** Opening Data excerpts block **

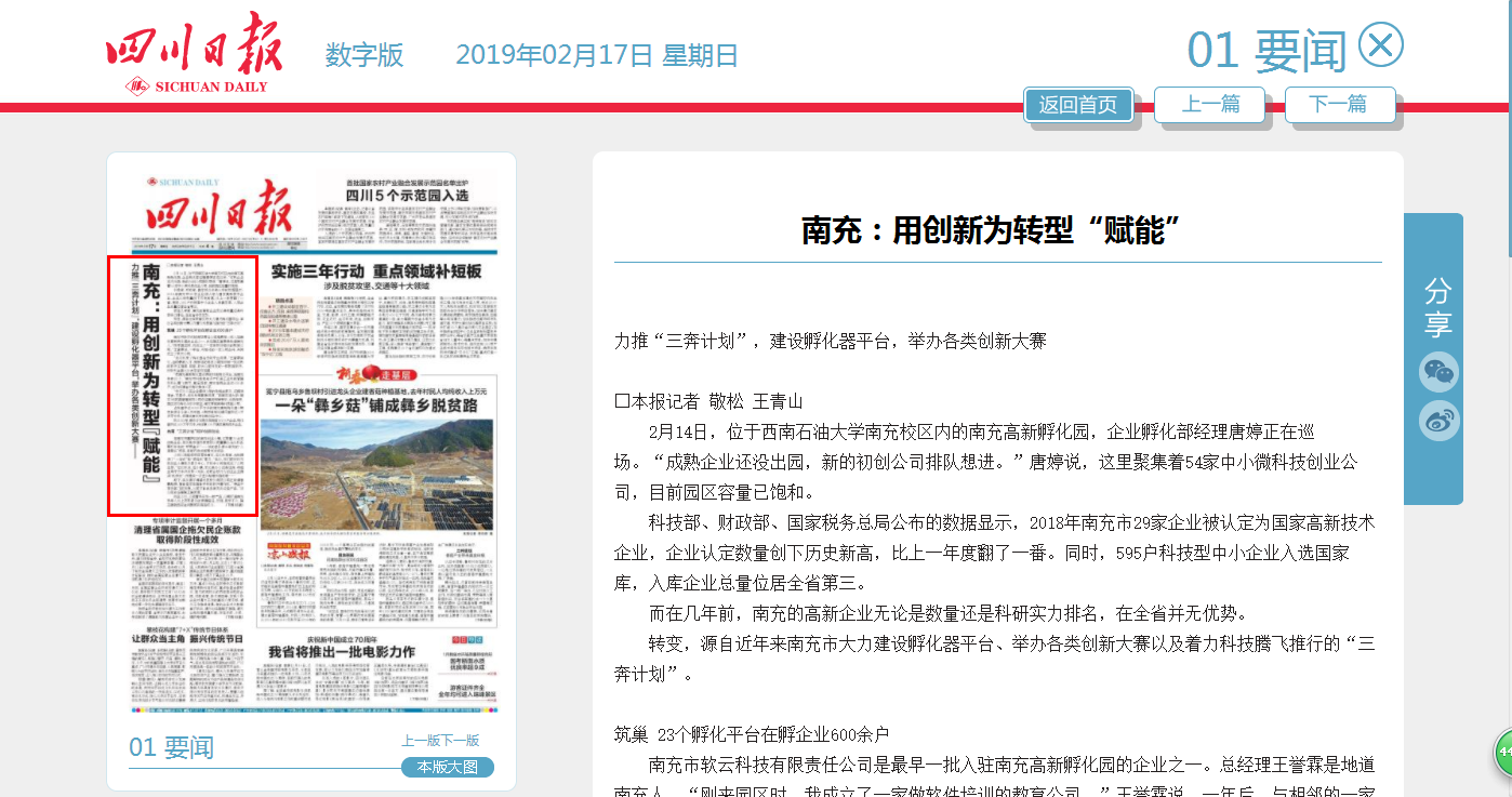 2月17日,四川日報以《南充:用創新為轉型“賦能”》為題,在頭版頭條重點報道國家大學科技園南充分園發揮學校科技、人才和平臺等優勢,向南充市創客提供“創業苗圃+孵化器+加速器+產業園”的“保姆式”服務,為南充創新驅動增添了新動能。
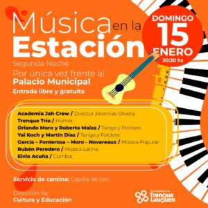 Después del éxito de la primera noche y en esta oportunidad en un escenario diferente: Frente al Palacio Municipal, el próximo domingo (15) vuelve Música en la Estación con la segunda fecha del tradicional ciclo que organiza la dirección de Cultura y Educación del municipio, con entrada libre y gratuita.
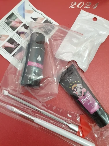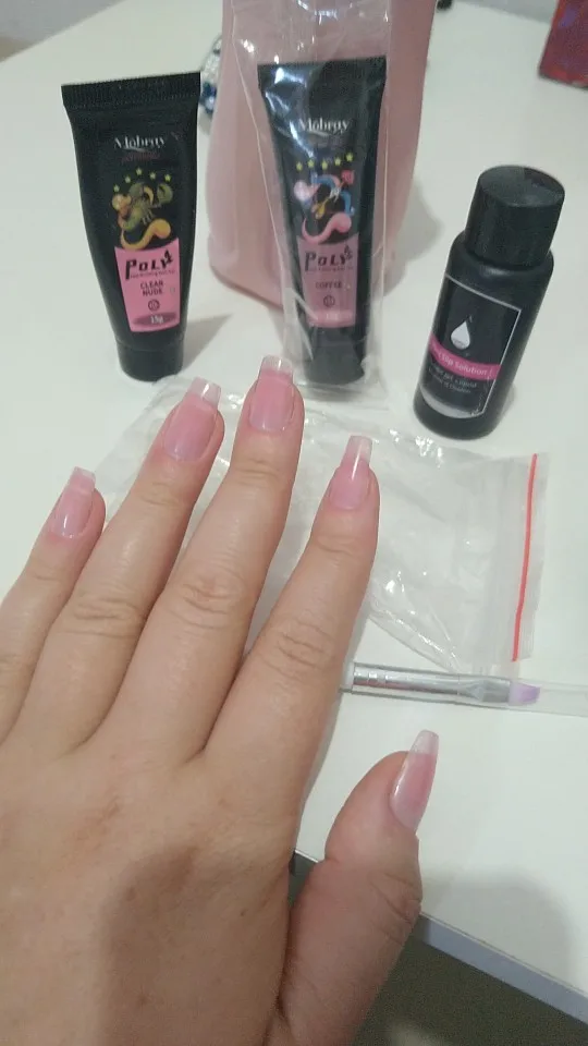 Amazing kit! The process of doing nails is easy and quick, and nails turn out beautiful. The color is very cute, but more barbie pink than natural. Color nude is probably closest to natural. Shipment took about a month to Latvia.
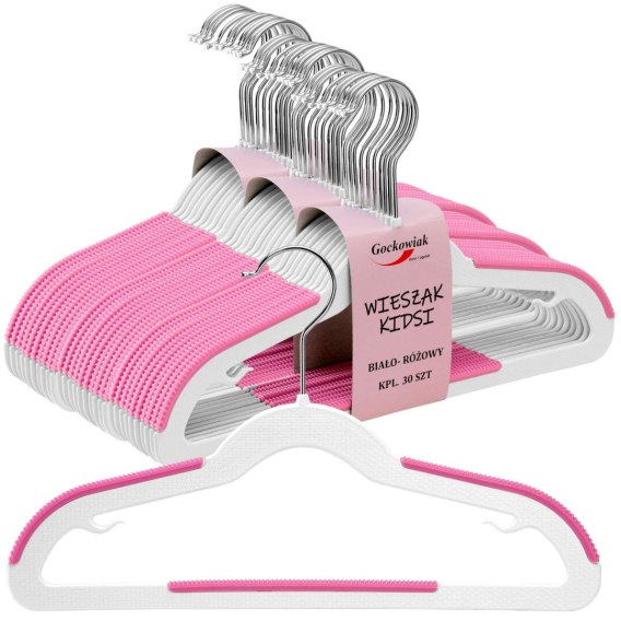 Wieszaki dziecięce KIDSI komplet 30 sztuk szaro-różowe
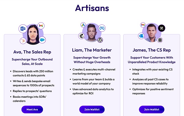 为了实现这一使命,Artisan AI开发出了一系列基于人工智能技术的数字员工,包括Ava(AI BDR)、Liam(市场营销人员)和James(客户支持代表)。这些AI员工具备高度智能和自主学习能力,能够独立完成各种工作任务,如销售、营销、客服等。
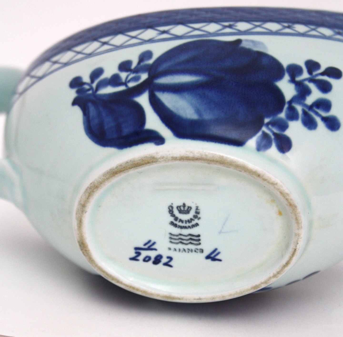 Saucekande. Dekorationsnr. 11/2082. Længde 20 cm. Bredde 8,5 cm. Højde 10,5 cm. Pris: SOLGT
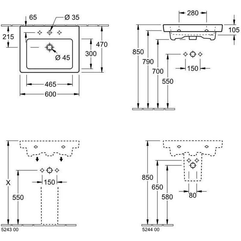 Νιπτήρας κρεμαστός VILLEROY & BOCH SUBWAY 2.0 60×47 71136001
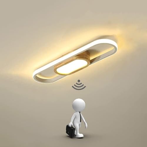 KZT Plafoniera Moderna in Legno Con Sensore di Movimento Lampada da soffitto LED con sensor a Microonde 3000K Bianca Calda Lampadario per Corridoio Soggiorno Balcone Scale Seminterrato Garage (50cm)

** Closing Data excerpts block **

Repeat only the lines from the one holding "Saucekande. Dekorationsnr. 11/2082." through the last line of the data, inclusive. Keep the pictures out.

 Saucekande. Dekorationsnr. 11/2082. Længde 20 cm. Bredde 8,5 cm. Højde 10,5 cm. Pris: SOLGT
 Νιπτήρας κρεμαστός VILLEROY & BOCH SUBWAY 2.0 60×47 71136001
 KZT Plafoniera Moderna in Legno Con Sensore di Movimento Lampada da soffitto LED con sensor a Microonde 3000K Bianca Calda Lampadario per Corridoio Soggiorno Balcone Scale Seminterrato Garage (50cm)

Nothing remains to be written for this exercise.